In practice, :math:`\sigma` is unknown. A common approach is:

1. **Pilot study**: Run a small simulation (e.g., 1,000 samples) to estimate :math:`\hat{\sigma}`.

2. **Compute required sample size**: Use the appropriate formula for your target.

3. **Run full simulation**: Generate :math:`n` samples (possibly in addition to the pilot).

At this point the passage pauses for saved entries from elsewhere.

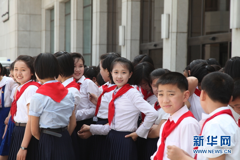2012年,朝鲜最高领导人接见朝鲜“少年团”,记者跟随“少年团”成员到达位于平壤著名的万景台少年宫,女学生们身着白色上衣和蓝色学生裙,脖子上身系红领巾,她们的一颦一笑,让人印象深刻。图为记者采访金元钧平壤音乐大学时的学生。新华社记者曾涛摄
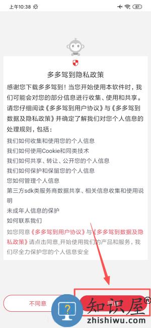 1、在多多驾到中点击"同意"隐私政策,进入驾照类型选择界面。
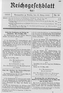 - ↑ Wojciech Wichert. Ustawa o pełnomocnictwach (Ermächtigungsgesetz) z 23 marca 1933 roku jako katalizator budowy państwa wodzowskiego w Niemczech. „Studia nad Autorytaryzmem i Totalitaryzmem”. tom 41 (nr 4), s. 31, 2019.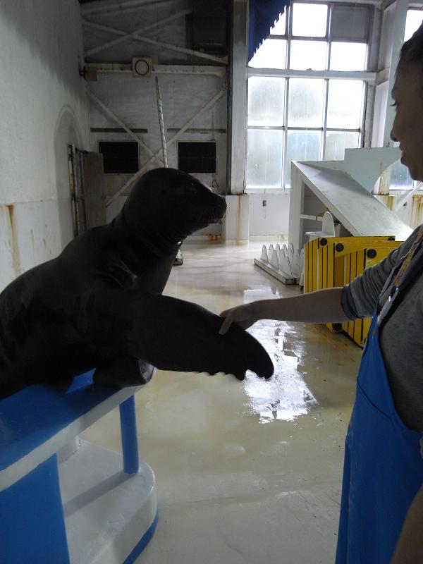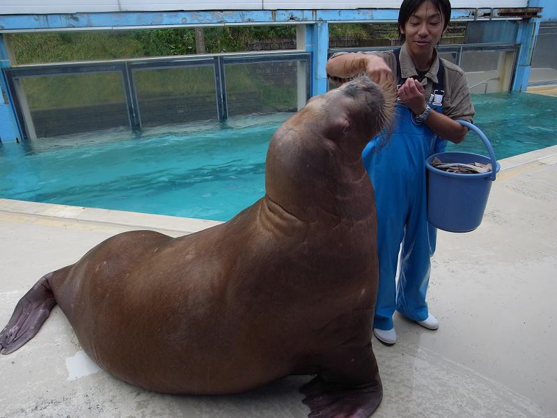 午後からは水族館の離れにあるイルカやセイウチのところで体験。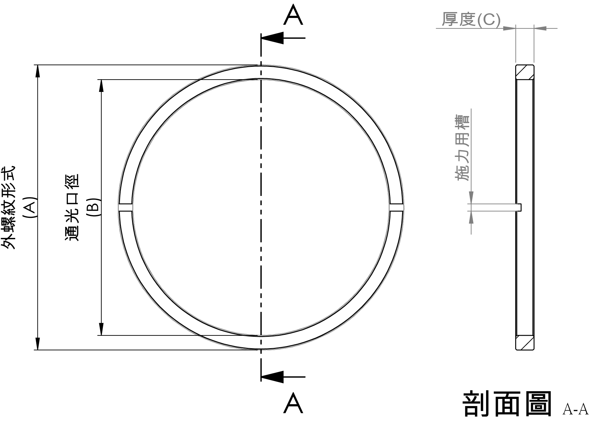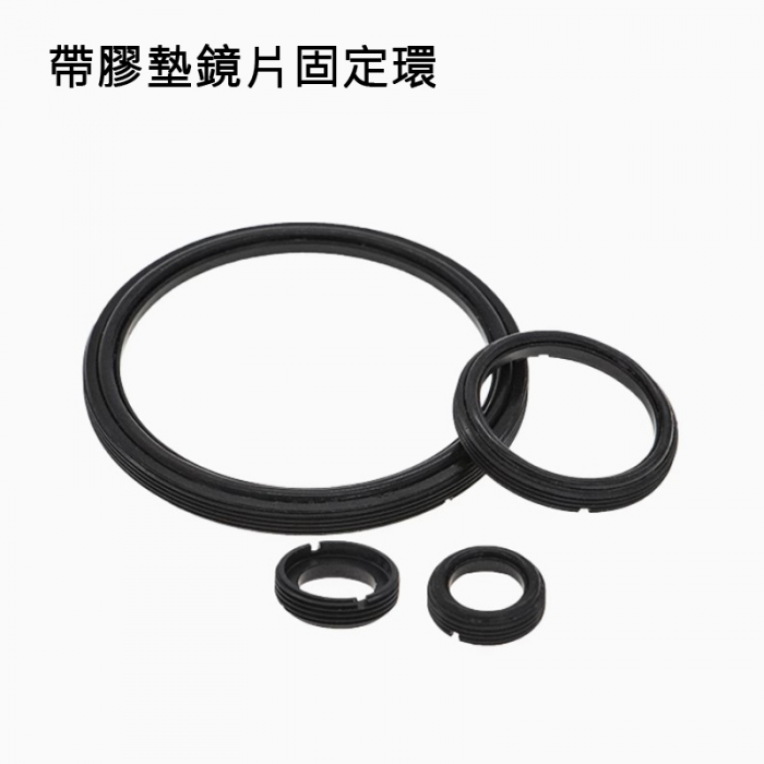 帶膠墊外螺紋鏡片固定環 搭配丁晴橡膠材質的O形環,可減少鏡片與固定環之間的應力,降低對偏振態的影響,並且達到密封的效果。 施力用槽可使用固定環安裝扳手安裝到鏡筒內。 型號 螺紋形式 (A) 通光口徑 B (mm) 厚度 C (mm) 適用鏡片直徑 (mm) LT05OR SM05(0.535"-40) 11 3.8 12.7 LT1OR SM1(1.035"-40) 22 4.1 25.4 LT2OR SM2(2.035"-40) 47.5 4.6 50.8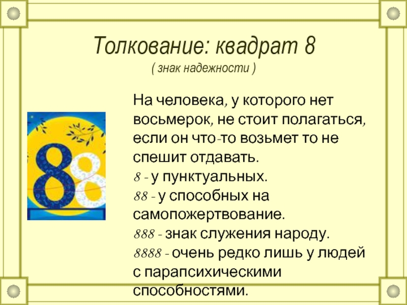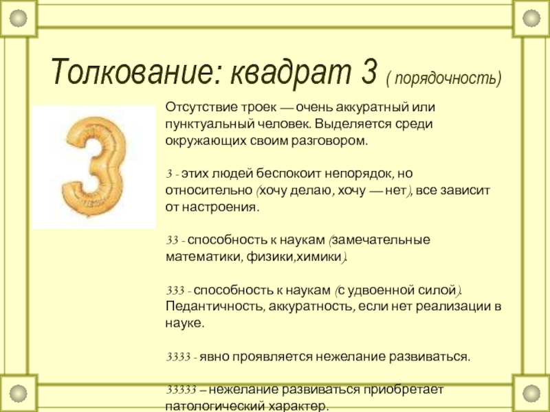 Слайд 20Толкование: квадрат 3 ( порядочность)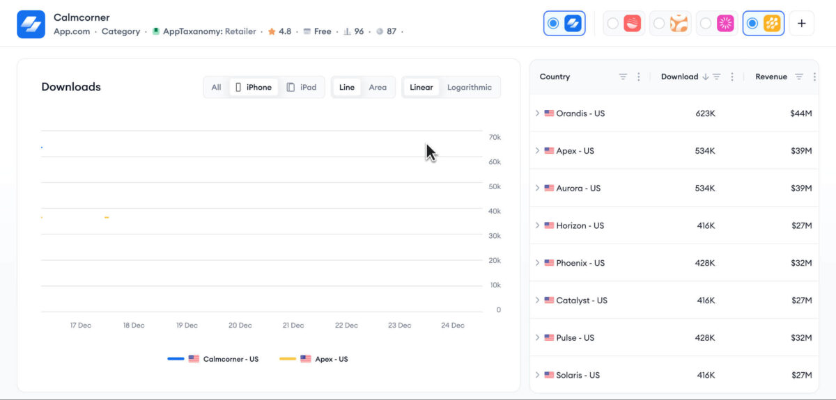 With MobileAction’s Market Intelligence, you can compare downloads, revenue, and rankings across different apps and countries to understand how your ASO performance fits into the broader market.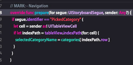 ์์). ์ ๋ ์ ๊ณผ ๋์์ unwind segue๊ฐ ์คํ๋๊ณ , ์์ ์คํฌ๋ฆฐ์ ๋ฐ์ selectedCategoryName๊ฐ์ ์ทจํ๋ ๊ฒ์ผ๋ก ๋์ด์์ด, ํน์ ์ ์ด ์ ํ๋ ๋ selectedCategoryName์ด ์ ํํ ์ธ๋ฑ์ค์ ๋ฐ๋ผ ์ ๋ฐ์ดํธ ๋๋ ์ ์ฐจ๊ฐ ์์์ต๋๋ค. ๊ทธ ๊ฐ๊ทน์ ๋ฉ์์ฃผ๋ ๊ณณ์ด, ๋ฐ๋ก ๋ณด๋ด๋ ์ชฝ์ "prepare(for: sender)" ๋ฉ์๋๊ฐ ๋ ์ ์๊ฒ ์ต๋๋ค.

4. **Verify**: Check that the final standard error meets requirements.

.. code-block:: python

   import numpy as np
   from scipy import stats

   def determine_sample_size_for_se(h, sampler, target_se, pilot_n=1000, seed=42):
       """
       Determine required sample size for a target STANDARD ERROR.
       
       Uses formula: n = (σ / target_se)²

       Parameters
       ----------
       h : callable
           Function to integrate.
       sampler : callable
           Function that takes (n, rng) and returns samples.
       target_se : float
           Desired standard error (not CI half-width).
       pilot_n : int
           Pilot sample size for variance estimation.
       seed : int
           Random seed.

       Returns
       -------
       dict
           Contains required_n, estimated_variance, pilot results.
       """
       rng = np.random.default_rng(seed)

       # Pilot study
       pilot_samples = sampler(pilot_n, rng)
       pilot_h = h(pilot_samples)
       sigma_hat = np.std(pilot_h, ddof=1)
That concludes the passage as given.